Divulgation du code du spyware Pegasus du groupe NSO
- WhatsApp est sur le point d’obtenir de l’israélien NSO Group l’accès aux « fonctionnalités complètes » du spyware Pegasus.
- Depuis 2019, WhatsApp réclame l’accès au code du spyware de NSO, affirmant que Pegasus a été utilisé pour espionner illégalement 1 400 utilisateurs.
- Un juge fédéral américain a donné raison à la demande de WhatsApp et a statué que NSO devait fournir non seulement des informations sur la couche d’installation du spyware, mais aussi sur l’ensemble de ses fonctionnalités.

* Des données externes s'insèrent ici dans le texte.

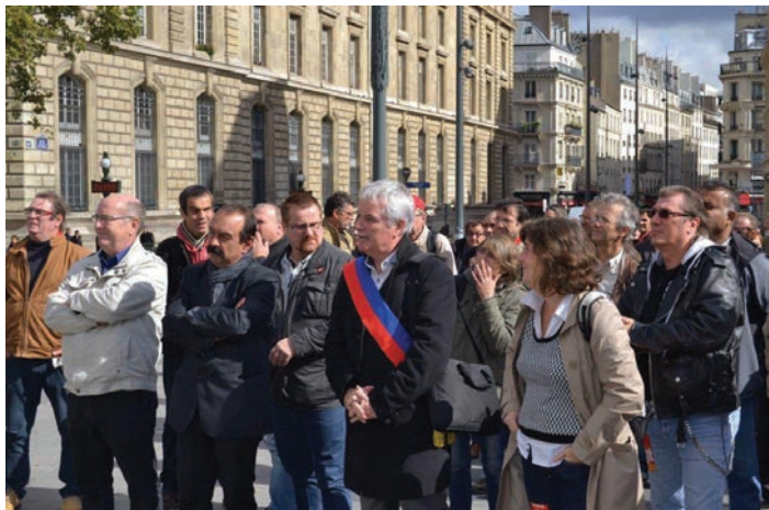
Rassemblement Place de la République à Paris.
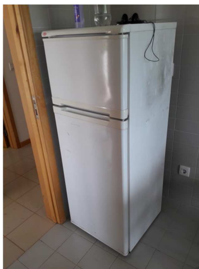
Frigorífico da Marca Becken
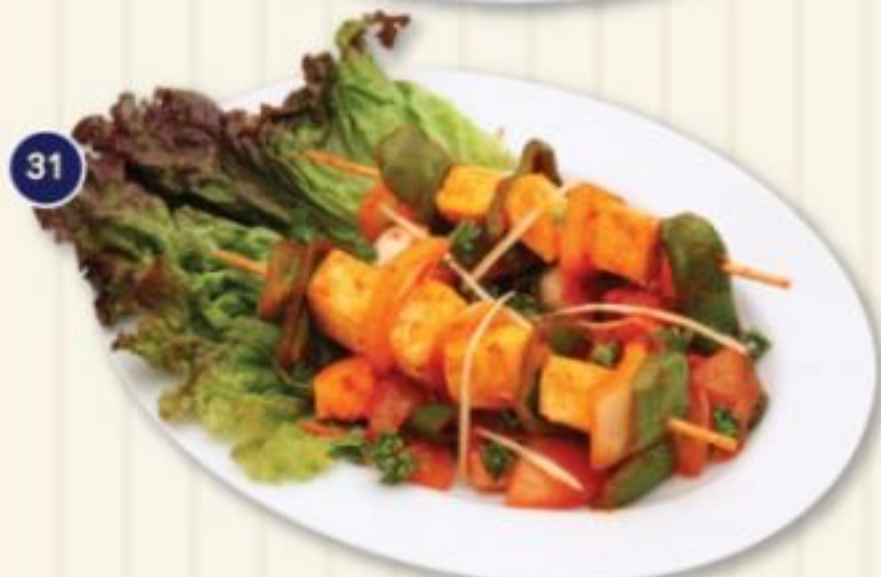
31. パニールサスリク PANEER SASLIK 690円 自家製チーズと野菜の炒め物
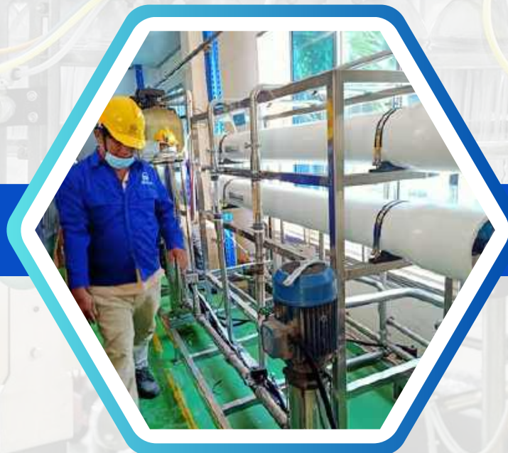
HỆ THỐNG RO CÔNG NGHIỆP
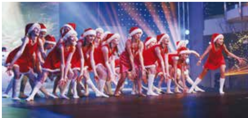
Taneční skupina Storm Ballet.

Kouzlo Vánoc je originálním a nevšedním dárkem, který má v předvánočním
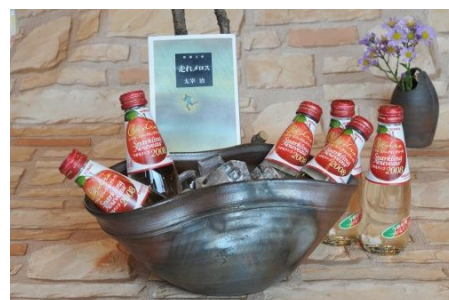
プレゼント商品「津軽セット」
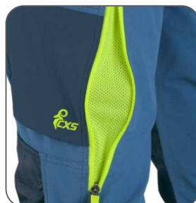
ventilace na stehně ventilácia na stehne thigh ventilation wentylacja na nogawce
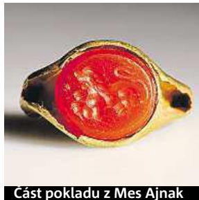
Část pokladu z Mes Ajnak

Revers judiciaire pour le groupe NSO
- NSO a tenté de bloquer toute phase de discovery dans le procès en invoquant des restrictions américaines et israéliennes, mais ces demandes globales ont été rejetées.

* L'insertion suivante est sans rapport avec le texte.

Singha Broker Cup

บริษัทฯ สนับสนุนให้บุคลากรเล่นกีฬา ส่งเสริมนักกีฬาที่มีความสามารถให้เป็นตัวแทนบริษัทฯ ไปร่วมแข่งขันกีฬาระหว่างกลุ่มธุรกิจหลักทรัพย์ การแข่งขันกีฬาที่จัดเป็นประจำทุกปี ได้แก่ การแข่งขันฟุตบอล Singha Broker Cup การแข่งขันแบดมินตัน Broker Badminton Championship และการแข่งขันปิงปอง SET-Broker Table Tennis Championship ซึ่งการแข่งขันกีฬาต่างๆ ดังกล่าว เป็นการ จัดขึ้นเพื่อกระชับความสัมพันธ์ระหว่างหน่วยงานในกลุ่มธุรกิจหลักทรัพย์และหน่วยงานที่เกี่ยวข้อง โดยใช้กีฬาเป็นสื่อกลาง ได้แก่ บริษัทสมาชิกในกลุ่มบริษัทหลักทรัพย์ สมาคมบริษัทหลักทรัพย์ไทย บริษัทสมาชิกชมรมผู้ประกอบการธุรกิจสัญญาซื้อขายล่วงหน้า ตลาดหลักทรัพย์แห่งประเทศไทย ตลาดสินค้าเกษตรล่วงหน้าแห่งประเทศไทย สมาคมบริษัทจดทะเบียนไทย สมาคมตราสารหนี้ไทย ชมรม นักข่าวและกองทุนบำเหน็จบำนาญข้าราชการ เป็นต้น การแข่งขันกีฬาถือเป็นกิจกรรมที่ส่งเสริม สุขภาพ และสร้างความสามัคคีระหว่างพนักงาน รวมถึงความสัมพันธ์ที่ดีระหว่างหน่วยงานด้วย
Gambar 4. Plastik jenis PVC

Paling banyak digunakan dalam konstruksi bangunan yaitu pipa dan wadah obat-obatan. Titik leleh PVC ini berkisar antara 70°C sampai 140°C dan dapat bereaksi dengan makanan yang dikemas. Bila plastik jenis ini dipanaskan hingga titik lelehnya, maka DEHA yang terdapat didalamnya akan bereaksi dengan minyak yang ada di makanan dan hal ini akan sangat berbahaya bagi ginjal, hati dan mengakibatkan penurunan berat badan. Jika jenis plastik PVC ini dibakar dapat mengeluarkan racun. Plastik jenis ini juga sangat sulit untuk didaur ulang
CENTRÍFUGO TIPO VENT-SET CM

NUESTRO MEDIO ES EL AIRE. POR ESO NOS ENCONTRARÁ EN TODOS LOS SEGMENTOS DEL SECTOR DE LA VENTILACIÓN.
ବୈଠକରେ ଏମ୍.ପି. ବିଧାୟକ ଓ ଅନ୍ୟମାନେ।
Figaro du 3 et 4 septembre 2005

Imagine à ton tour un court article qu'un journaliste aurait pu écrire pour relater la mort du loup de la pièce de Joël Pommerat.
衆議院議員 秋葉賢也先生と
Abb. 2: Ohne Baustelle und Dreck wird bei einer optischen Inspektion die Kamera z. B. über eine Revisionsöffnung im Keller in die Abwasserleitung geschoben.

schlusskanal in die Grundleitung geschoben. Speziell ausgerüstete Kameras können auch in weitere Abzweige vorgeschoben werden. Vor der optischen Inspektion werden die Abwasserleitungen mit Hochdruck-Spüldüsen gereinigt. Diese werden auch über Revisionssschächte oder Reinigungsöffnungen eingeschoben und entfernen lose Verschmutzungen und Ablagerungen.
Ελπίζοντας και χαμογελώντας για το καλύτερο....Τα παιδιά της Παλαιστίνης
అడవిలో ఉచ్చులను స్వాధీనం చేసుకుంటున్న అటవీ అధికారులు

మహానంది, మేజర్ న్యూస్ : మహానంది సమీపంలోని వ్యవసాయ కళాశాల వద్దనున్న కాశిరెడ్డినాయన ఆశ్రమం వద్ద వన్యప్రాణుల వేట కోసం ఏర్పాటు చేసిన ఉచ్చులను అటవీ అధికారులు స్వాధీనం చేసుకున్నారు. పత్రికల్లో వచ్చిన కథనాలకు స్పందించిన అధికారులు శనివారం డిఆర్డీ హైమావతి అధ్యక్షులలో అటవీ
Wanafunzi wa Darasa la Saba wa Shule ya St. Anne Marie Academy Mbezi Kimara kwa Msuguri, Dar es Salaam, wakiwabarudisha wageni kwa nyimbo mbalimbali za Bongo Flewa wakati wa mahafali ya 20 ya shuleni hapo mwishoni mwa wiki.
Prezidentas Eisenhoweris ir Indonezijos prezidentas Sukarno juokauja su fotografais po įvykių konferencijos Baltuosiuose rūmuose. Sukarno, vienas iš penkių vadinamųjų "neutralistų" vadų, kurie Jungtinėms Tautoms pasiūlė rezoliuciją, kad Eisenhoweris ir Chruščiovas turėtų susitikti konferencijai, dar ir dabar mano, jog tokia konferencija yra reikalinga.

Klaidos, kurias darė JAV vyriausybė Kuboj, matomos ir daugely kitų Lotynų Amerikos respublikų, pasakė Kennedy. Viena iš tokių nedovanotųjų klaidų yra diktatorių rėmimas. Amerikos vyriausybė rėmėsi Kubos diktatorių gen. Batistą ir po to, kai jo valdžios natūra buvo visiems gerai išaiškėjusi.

- NSO a essayé d’empêcher WhatsApp d’accéder à son code secret, mais a perdu dans une décision récente.
- WhatsApp affirme que Pegasus peut intercepter diverses communications, capturer des captures d’écran et extraire l’historique du navigateur.
Victoire pour WhatsApp et victoire partielle pour NSO
- WhatsApp considère la récente décision du tribunal comme une étape majeure et souligne que les entreprises de spyware ne peuvent pas ignorer la loi.

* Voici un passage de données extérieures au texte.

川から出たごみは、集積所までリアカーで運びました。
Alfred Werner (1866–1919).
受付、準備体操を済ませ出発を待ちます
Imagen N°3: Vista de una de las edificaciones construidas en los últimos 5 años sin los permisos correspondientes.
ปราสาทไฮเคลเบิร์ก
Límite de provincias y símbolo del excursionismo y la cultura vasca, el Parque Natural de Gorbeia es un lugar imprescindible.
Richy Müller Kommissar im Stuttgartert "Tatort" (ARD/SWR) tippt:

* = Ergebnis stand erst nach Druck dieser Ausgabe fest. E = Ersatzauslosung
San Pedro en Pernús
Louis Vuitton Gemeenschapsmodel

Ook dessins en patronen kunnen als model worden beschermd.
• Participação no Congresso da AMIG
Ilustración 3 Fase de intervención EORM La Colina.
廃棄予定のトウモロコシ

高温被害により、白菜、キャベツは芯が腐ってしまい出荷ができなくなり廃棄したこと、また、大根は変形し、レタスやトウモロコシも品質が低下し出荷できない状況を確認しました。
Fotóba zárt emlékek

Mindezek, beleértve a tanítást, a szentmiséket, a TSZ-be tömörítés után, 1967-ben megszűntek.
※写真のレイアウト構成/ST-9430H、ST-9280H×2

- Cependant, toutes les demandes de WhatsApp n’ont pas été acceptées, et NSO n’est pas tenu de partager certaines informations sur son architecture serveur.
- NSO n’a pas non plus à révéler l’identité de ses clients, malgré des rapports selon lesquels des gouvernements auraient utilisé le spyware contre des opposants.
Avis de GN⁺
- Cet article traite d’une décision de justice importante concernant un spyware utilisé comme outil de surveillance gouvernementale, ce qui peut intéresser les personnes préoccupées par la vie privée et la sécurité des données.
- D’un point de vue critique, l’existence et l’usage de tels spywares peuvent entraîner des atteintes à la vie privée et des problèmes de droits humains, et cette décision pourrait contribuer à renforcer la sensibilisation à ces enjeux.
- Parmi les points à considérer lors de l’adoption de cette technologie figurent sa conformité aux normes juridiques et éthiques, ainsi que l’existence de mesures suffisantes pour protéger la vie privée des utilisateurs.
- Cette décision pourrait accroître la transparence liée à l’usage des spywares, ce qui contribuerait à renforcer la protection des données des utilisateurs.